Responding to a recent drop in the company's stock price, mortgage insurer Radian Group Inc. said its financial strength is solid and its liquidity remains strong. The company said paid claims during the second quarter will be less than $230 million, below its previous guidance of $240 million, while first mortgage defaults in its portfolio declined by 9 percent during the quarter. Radian said it is now insuring mostly traditional, prime mortgages now, which it expects to generate profitability and long-term financial strength.
The company had steep price drop amid the turmoil of the mortgage and credit crisis. The stock price fell from $5.91 to $.77.
Fitch Ratings said on Friday it withdrew its ratings on Radian Group and its mortgage and bond insurers because Radian has not provided it with adequate information to maintain credible ratings.
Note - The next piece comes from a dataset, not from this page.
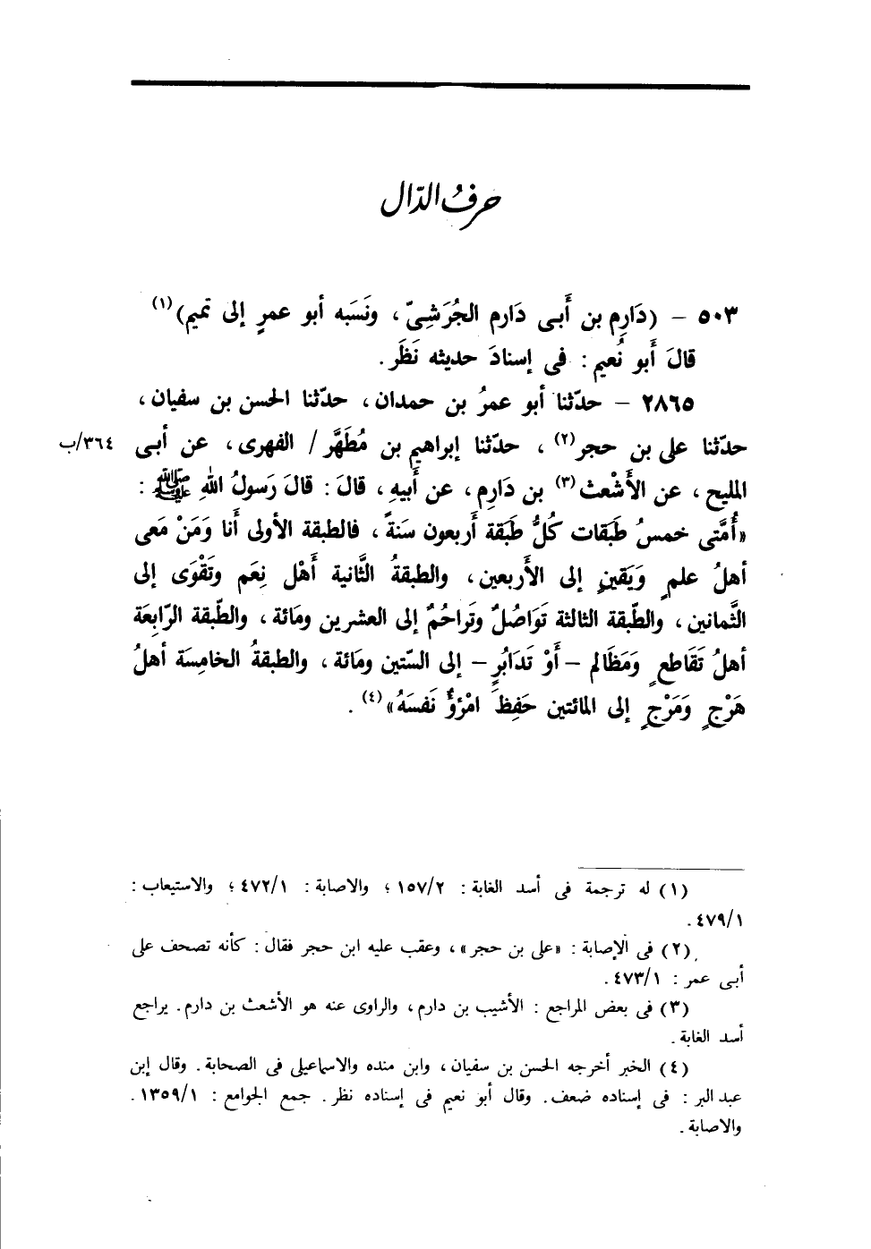 2865 - حدثنا أبو عمر بن حمدان، حدثنا الحسن بن سفيان، حدثنا علي ابن حجر (¬2) ، حدثنا إبراهيم بن مُطهَّر / الفهري، عن أبي المليح، عن الأشعث (¬3) ابن دارم، عن أبيه، قال: قال رسول الله - صلى الله عليه وسلم -: (أُمَّتى خمسُ طبقات كُلُّ طبقة أربعون سنةً، فالطبقة الأولى أنا ومن معي أهل علمٍ ويقين إلى الأربعين، والطبقة الثانية أهل نعم وتقوى إلى الثمانين، والطبقة الثالثة تواصلٌ وتراحمٌ إلى العشرين ومائة، والطبقة الرابعة أهلُ تقاطعٍ ومظالم - أو تدابر - إلى الستين ومائة، والطبقةُ الخامسة أهلُ هرجٍ ومرجٍ إلى المائتين حفظ امرؤٌ نفسهُ) (¬4) .

Radian’s auditor, Deloitte & Touche LLP does not want to continue as the company’s auditor. Friedman Billings Ramsey expects that the stock will not be able to recover unless it finds a new auditor. This is because a new auditor may take a conservative approach while valuing Radian’s assets
The Federal Reserve lowered its benchmark interest for the first time in four years. This news led to an increase in the stock price of Radian Group by 11 percent, which is trading at 30 percent down this year. The Fed reduced the rate by 0.5 points to 4.75 percent, which was primarily done to help the mortgage lenders face the liquidity crisis in the present mortgage market.
Third Avenue Management increased its stake in Radian Group by four times to 11 percent. Radian Group’s stock price had declined by 67 percent in the last two months due to the housing slump. AIC Ltd. and D.E. Shaw & Co. had also increased their stake in Radian Group earlier.
MGIC Investment canceled its merger with Radian Group due to the prevailing crisis in the mortgage market. Also, MGIC said that Radian was hiding details related to businesses, which are vulnerable to this mortgage market crisis.